Klaviyo Announces Pricing of Secondary Offering of 6,500,000 Shares of Series A Common Stock by Certain Selling Stockholders

BOSTON, August 18, 2025 — Klaviyo, Inc. (the “Company”) (NYSE: KVYO), the only CRM built for B2C brands, today announced the pricing of an underwritten public offering of 6,500,000 shares of its Series A common stock (the “Offering”) by certain of its existing stockholders (the “Selling Stockholders”). In addition, such Selling Stockholders have granted the underwriter a 30-day option to purchase up to an additional 975,000 shares. The Company will not receive any proceeds from the sale of the shares being offered by the Selling Stockholders. The Offering is expected to close on August 21, 2025, subject to customary closing conditions.

Barclays is acting as the underwriter for the offering.

Barclays may offer the shares of Series A common stock from time to time in one or more transactions on the New York Stock Exchange, in the over-the-counter market, through negotiated transactions or otherwise at market prices prevailing at the time of sale, at prices related to prevailing market prices or at negotiated prices.
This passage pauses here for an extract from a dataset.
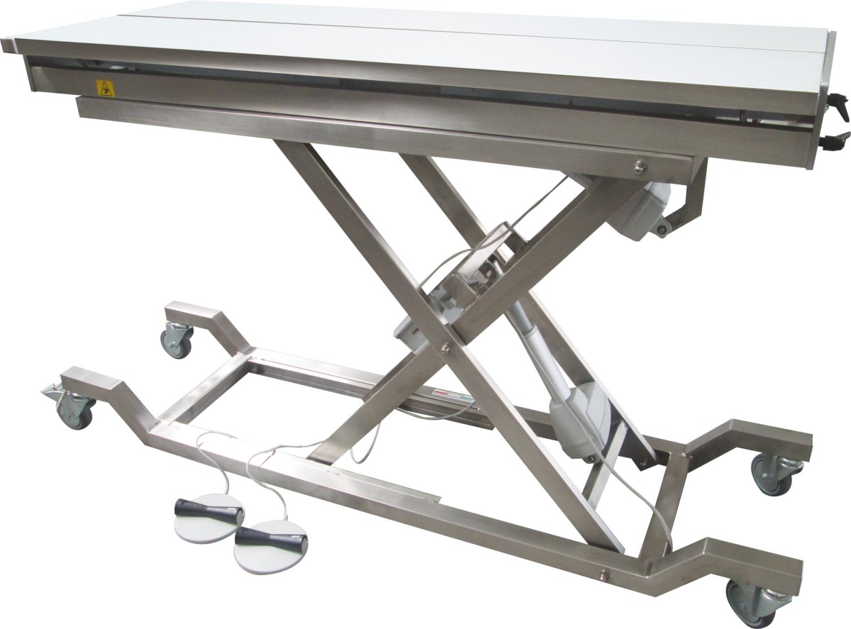 Tavolo elettrico con piano a libro e vaschetta assiale raccogli liquidi. E’ in grado di effettuare due movimenti: salita e discesa elettrico, trendelemburg elettrico. Dotato di 4 ruote di cui due frenanti.

A registration statement on Form S-3 relating to these securities was filed with the Securities and Exchange Commission (the “SEC”) on February 19, 2025 and became effective upon filing. The offering is being made only by means of a prospectus supplement and an accompanying prospectus. A copy of these documents may be obtained, when available, by visiting the SEC’s website at www.sec.gov or by contacting Barclays Capital Inc., c/o Broadridge Financial Solutions, 1155 Long Island Avenue, Edgewood, NY 11717, by phone 1-888-603-5847, or by email: barclaysprospectus@broadridge.com.

This press release shall not constitute an offer to sell or a solicitation of an offer to buy these securities, nor shall there be any offer or sale of these securities in any state or jurisdiction in which such offer, solicitation or sale would be unlawful prior to the registration or qualification under the securities laws of any such state or jurisdiction.